While there was no dispute that the CAD notes in question would constitute “public information” within the PIA’s broad definition, the matter turned on the interpretation of the law-enforcement exception in Section 552.108 of the Act. Section 552.108 empowers governmental bodies to withhold both ordinary “public information” and completed reports, evaluations, or investigations that would otherwise be subject to “super-public” disclosure under Section 552.022 where such a release would interfere with law enforcement. The city invoked Section 552.108 in response to all ten requests. With respect to nine of the ten requests, the Attorney General agreed with the city that the information at issue would satisfy Subsections (a)(1), (a)(2), or (b)(2) of the law-enforcement exception. However, the Attorney General also concluded that significant portions of this otherwise-protected information was “basic information” subject to disclosure under Subsection (c).

The 2016 ruling by the Third Court of Appeals was in favor of the City of Carrollton.

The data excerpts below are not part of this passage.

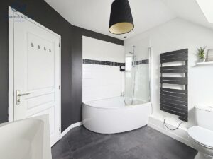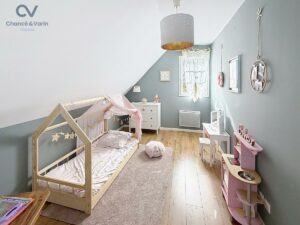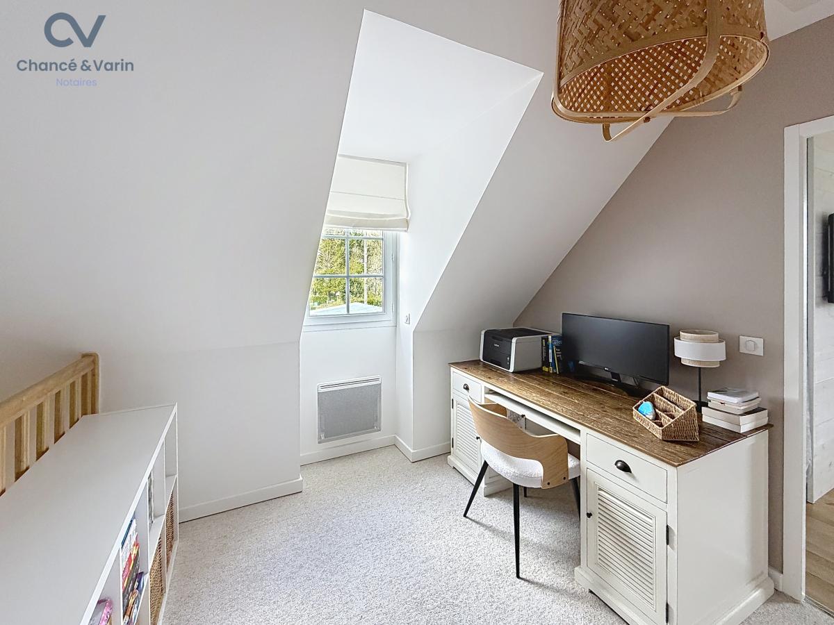 À l’étage, un palier aménagé en bureau dessert trois chambres, dont une avec double dressing, ainsi qu’une salle de bains avec baignoire, double vasques et WC.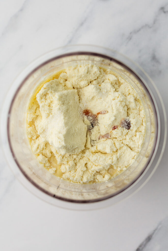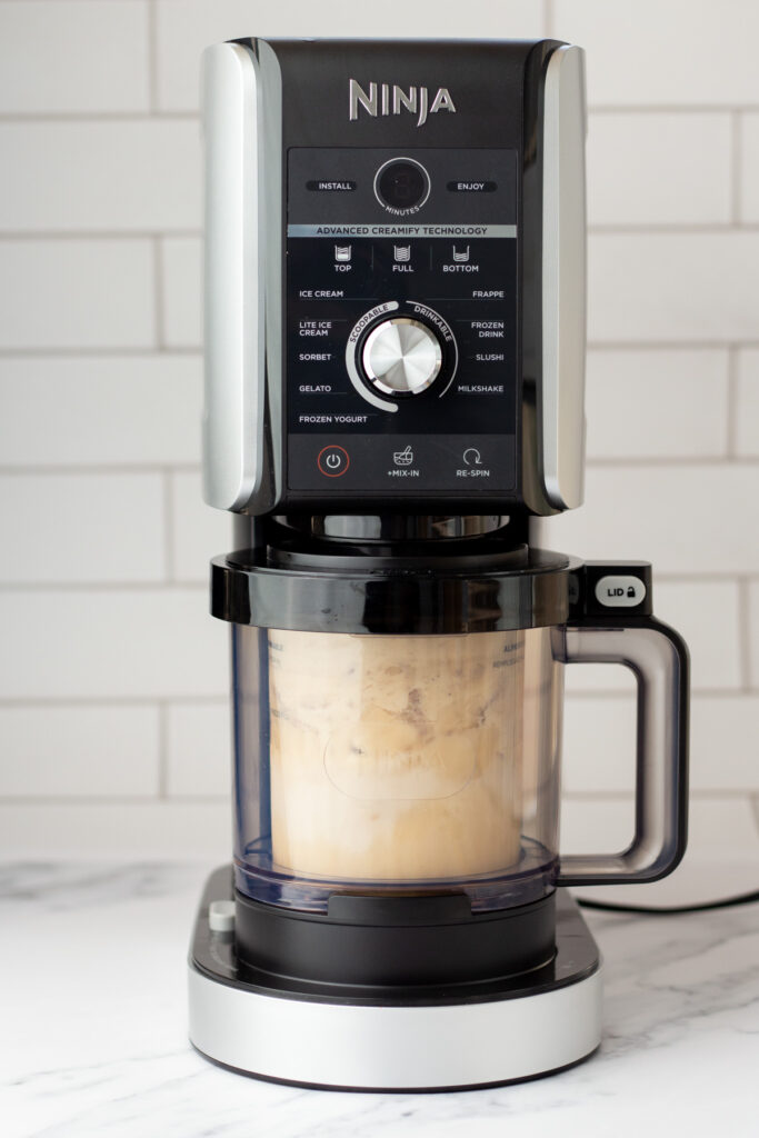 After freezing, run the pint through the “Lite Ice Cream” setting on your Ninja Creami. The texture will likely look crumbly or powdery at first—totally normal and expected!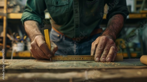 Carpenter measures wood for professional house renovation. Handyman measuring wooden beam and noting measurements with pen for house decoration.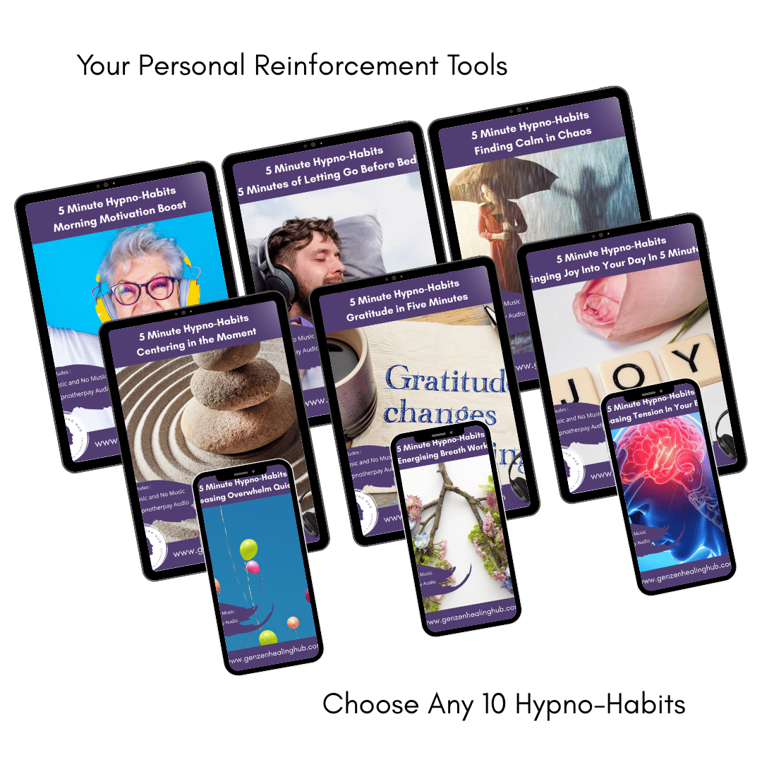 As part of your Evolve & Ebody journey, you’ll also receive your choice of any 10 hypnotherapy audios from the GenZen Healing Hub library — giving you powerful support between sessions and long after they end. These audios become your personal reinforcement tools, helping you anchor new beliefs, calm your nervous system, strengthen boundaries, and deepen the shifts we create together. Choose the ones that speak to where you are now, press play when you need grounding or momentum, and allow your transformation to continue unfolding in your own time, in your own space.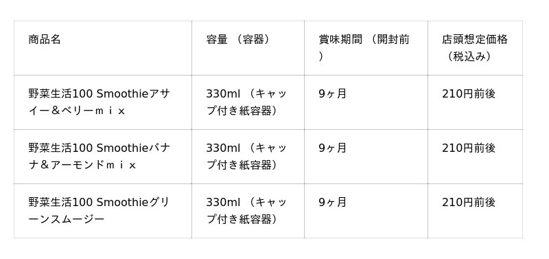 このたび発売する「野菜生活100 Smoothieアサイー&ベリーmix」は、1日分※1の鉄分を摂ることができます。口いっぱいに広がるベリーとざくろの芳醇で甘酸っぱいおいしさが特徴です。「野菜生活100 Smoothieバナナ&アーモンドmix」は、1食分の野菜※2を使用し、バナナ1本分のエネルギー※3が摂れる濃厚スムージーです。アーモンドミルク「アーモンド・ブリーズ」と同じアーモンド原料(ペースト)を使用しています。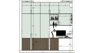 Kid's bedroom wardrobe and study unit front view 2d dimensions
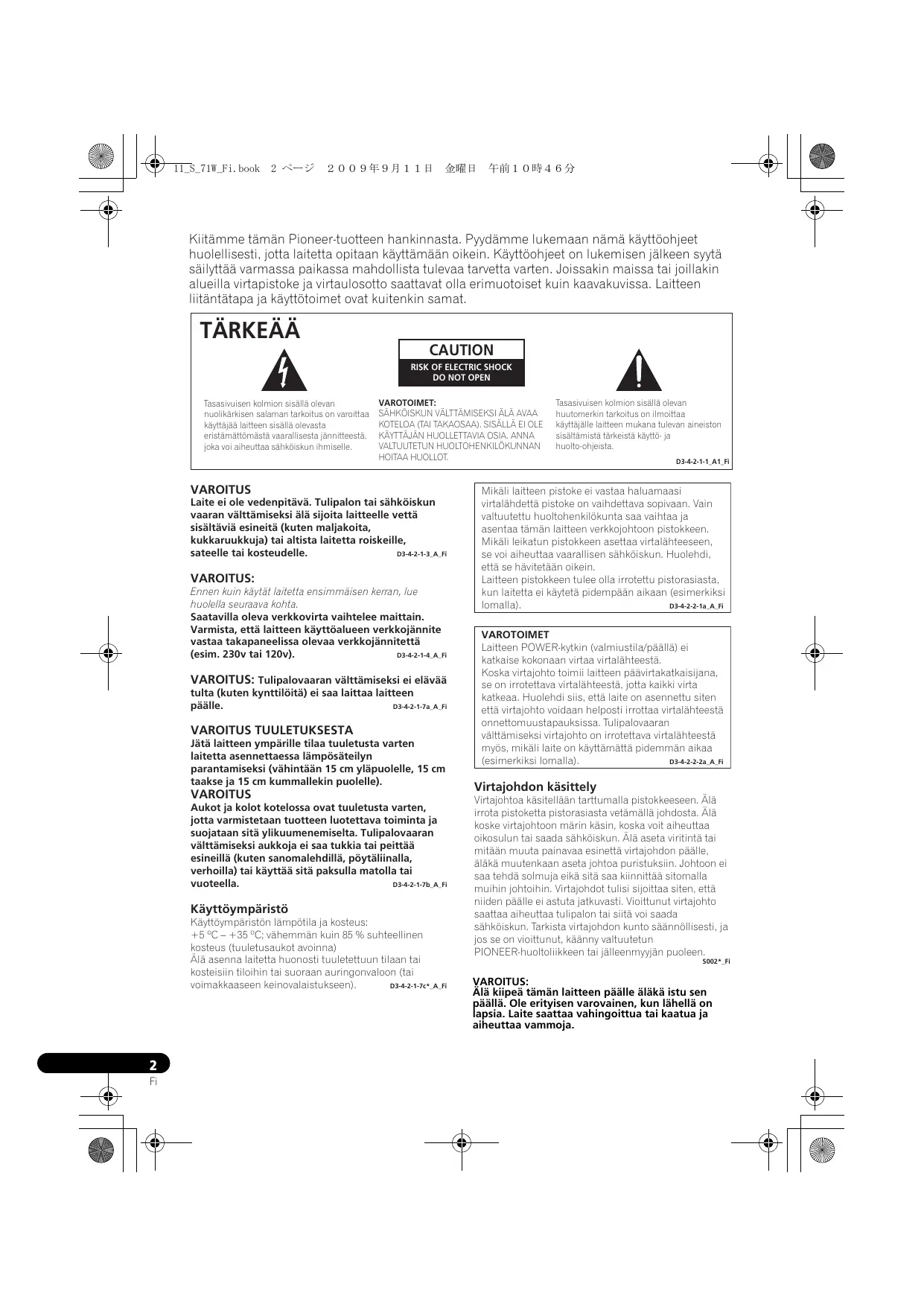 Virtajohdon käsittely Virtajohtoa käsitellään tarttumalla pistokkeeseen. Älä irrota pistoketta pistorasiasta vetämällä johdosta. Älä koske virtajohtoon märin käsin, koska voit aiheuttaa oikosulun tai saada sähköiskun. Älä aseta viritintä tai mitään muuta painavaa esinettä virtajohdon päälle, äläkä muutenkaan aseta johtoa puristuksiin. Johtoon ei saa tehdä solmuja eikä sitä saa kiinnittää sitomalla muihin johtoihin. Virtajohdot tulisi sijoittaa siten, että niiden päälle ei astuta jatkuvasti. Vioittunut virtajohto saattaa aiheuttaa tulipalon tai siitä voi saada sähköiskun. Tarkista virtajohdon kunto säännöllisesti, ja jos se on vioittunut, käänny valtuutetun PIONEER-huoltoliikkeen tai jälleenmyyjän puoleen. S002*_Fi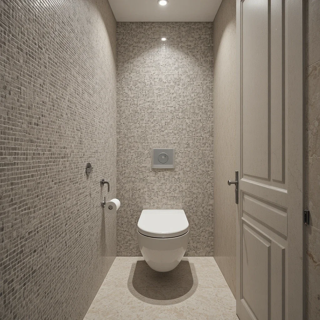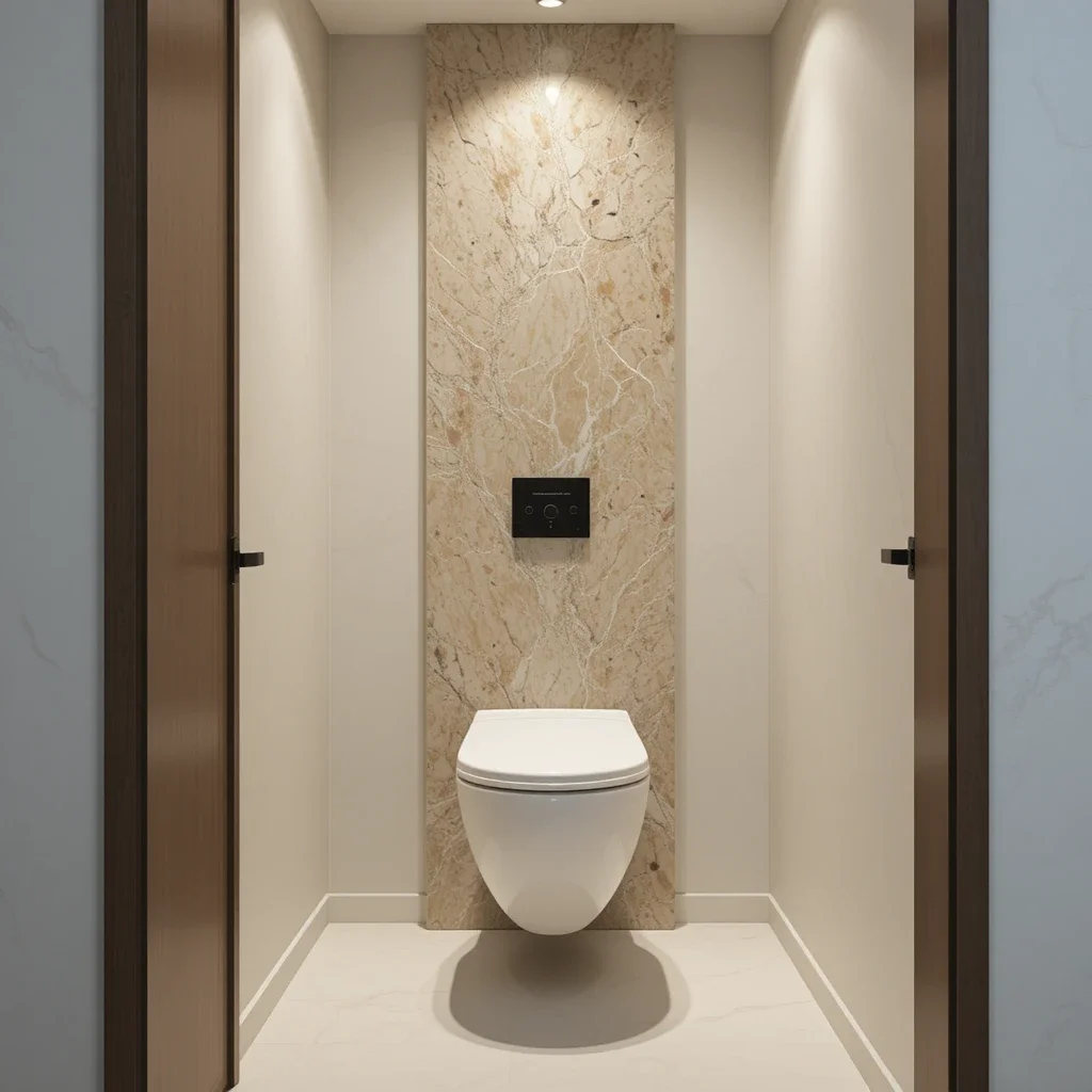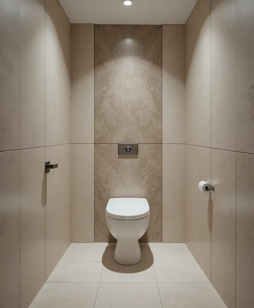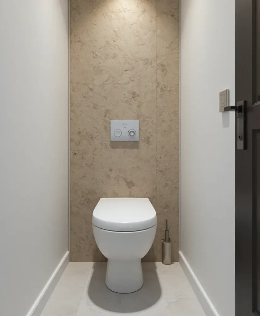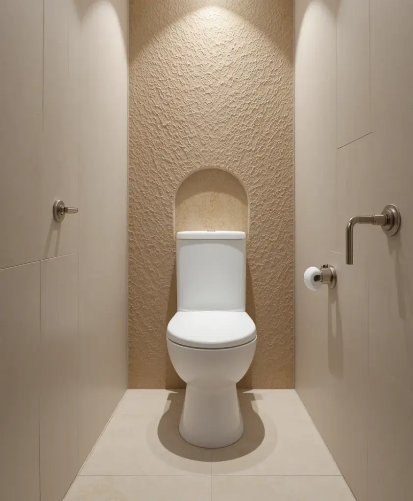 A light textured wall behind an ultra-compact toilet introduces depth while maintaining brightness. Soft plaster or micro-texture works well. Minimal décor keeps the layout uncluttered. This design is ideal for very small spaces.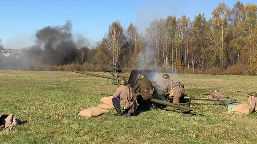 Пушка ЗИС-2 прикрывает бронеавтомобиль БА-20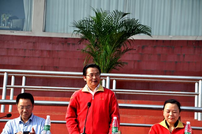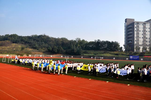 金秋的校园,天高气爽,阳光和煦。10月26日,太阳成集团tyc33455cc第二届运动会在江浦校区体育场精彩举行。其鲜明的主题“走下网络,走出宿舍,走向操场,锻炼体魄,分享青春,共筑未来”,生动地彰显了其鲜明的特征:朝气蓬勃的体育盛会、团结拼搏的体育盛会、健康快乐的体育盛会!出席开幕式的公司领导有缪昌美、韦萍、熊强、李振江、郭凯和校体育部的四位任课老师等。开幕式由公司党委副书记熊强老师主持。公司党委书记缪昌美老师致辞并宣布运动会开幕。

The court held that Section 552.108(c) of the Act explicitly prevents the release of even Houston Chronicle “basic information” unless the police records are concerning either: (1) an arrested person, (2) an arrest, or (3) a crime. Therefore, where Section 552.108 of the Act applies to prevent disclosure of police records, basic information is not subject to release unless the record involves an arrested person, an arrest or a crime. See Tex. Loc. Gov’t. Code § 552.108(c). The court specifically held: “there is simply no support for extending that provision’s disclosure requirement to ‘basic information’ that is not ‘about an arrested person, an arrest, or a crime’ as the Attorney General would have us do. If Subsection (c) should apply more expansively, that change must come from the Legislature through statutory amendment. Courts must instead ‘take statutes as they find them.’”

Absent a granted motion for reconsideration, the Texas Attorney General will soon be mandated to apply Section 552.108(c) as the Third Court of Appeal ruled. See City of Carrollton v. Paxton, 490 S.W.3d 187, 200–02 (Tex. App. 2016), reh’g overruled (June 14, 2016), review denied (Oct. 20, 2017).